Nothing but the lines from the one holding "Plody krásnoplodky (Callicarpa)" to the final line of the listing below, both included, should be repeated, and each must match exactly. Omit pictures.

Source data ::
^^^^^^^^

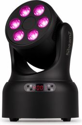 | Product colour | Black | | Light source | 4-in-1 LED | | Colours | Red, Green, Blue, White | | LED power (single LED) | 8W | | Quantity of LEDs | 6 | | Beam angle | 19° | | Field angle | 38° | | Illuminance | 6.658 lx @ 1m | | Head movement: Pan | 540° | | Head movement: Tilt | 270° | | Flash rate per second | 1 - 30Hz | | Modes | Automatic programs, DMX, Master/Slave | | RDM | Yes | | DMX channels | 16 | | DMX connection | 3-pin XLR | | Display | LED | | IP rating | IP20 | | Cooling | Temperature controlled fan | | Power plug | IEC | | Power consumption | 0.582 - 0.258A | | Power supply | 100-240VAC 50/60Hz | | Dimensions (L x W x H) | 170 x 170 x 240mm | | Weight (kg) | 2,50 | | Included accessories | Mounting bracket, Power cable | pdf
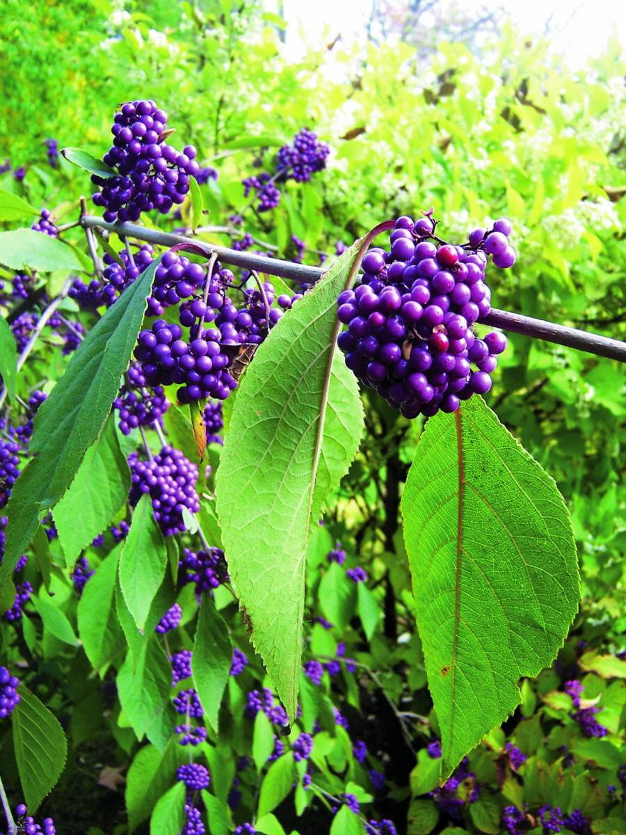 Plody krásnoplodky (Callicarpa) v různých odstínech fialové (u některých druhů i bílé) nejlépe dozrají v teplé lokalitě na chráněném místě s vlhčí zeminou.
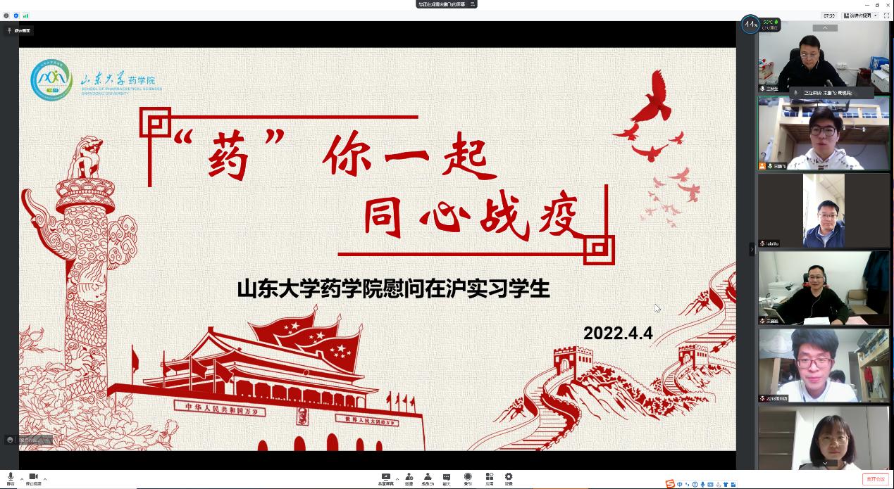 最近几天,上海疫情防控形势十分严峻。4月4日下午,学院党委书记、院长、常务副院长与在上海做毕业设计的三位推免学生视频连线,了解他们目前在上海学习和生活的情况,对他们疫情防控和学习生活给予指导,通报学校和学院目前疫情防控的情况,让他们放心、安心,将“家”的温暖和“一个都不能少”的药院温度传递给每一位学子。三位同学深受感动,表示切实体会到学院和母校是学子坚强的后盾和温馨的家,要刻苦学习、确保安全,为母校增光,希望能如期回到母校参加毕业典礼。

^^^^^^^^

Reply to the task ::
 Plody krásnoplodky (Callicarpa) v různých odstínech fialové (u některých druhů i bílé) nejlépe dozrají v teplé lokalitě na chráněném místě s vlhčí zeminou.
 最近几天,上海疫情防控形势十分严峻。4月4日下午,学院党委书记、院长、常务副院长与在上海做毕业设计的三位推免学生视频连线,了解他们目前在上海学习和生活的情况,对他们疫情防控和学习生活给予指导,通报学校和学院目前疫情防控的情况,让他们放心、安心,将“家”的温暖和“一个都不能少”的药院温度传递给每一位学子。三位同学深受感动,表示切实体会到学院和母校是学子坚强的后盾和温馨的家,要刻苦学习、确保安全,为母校增光,希望能如期回到母校参加毕业典礼。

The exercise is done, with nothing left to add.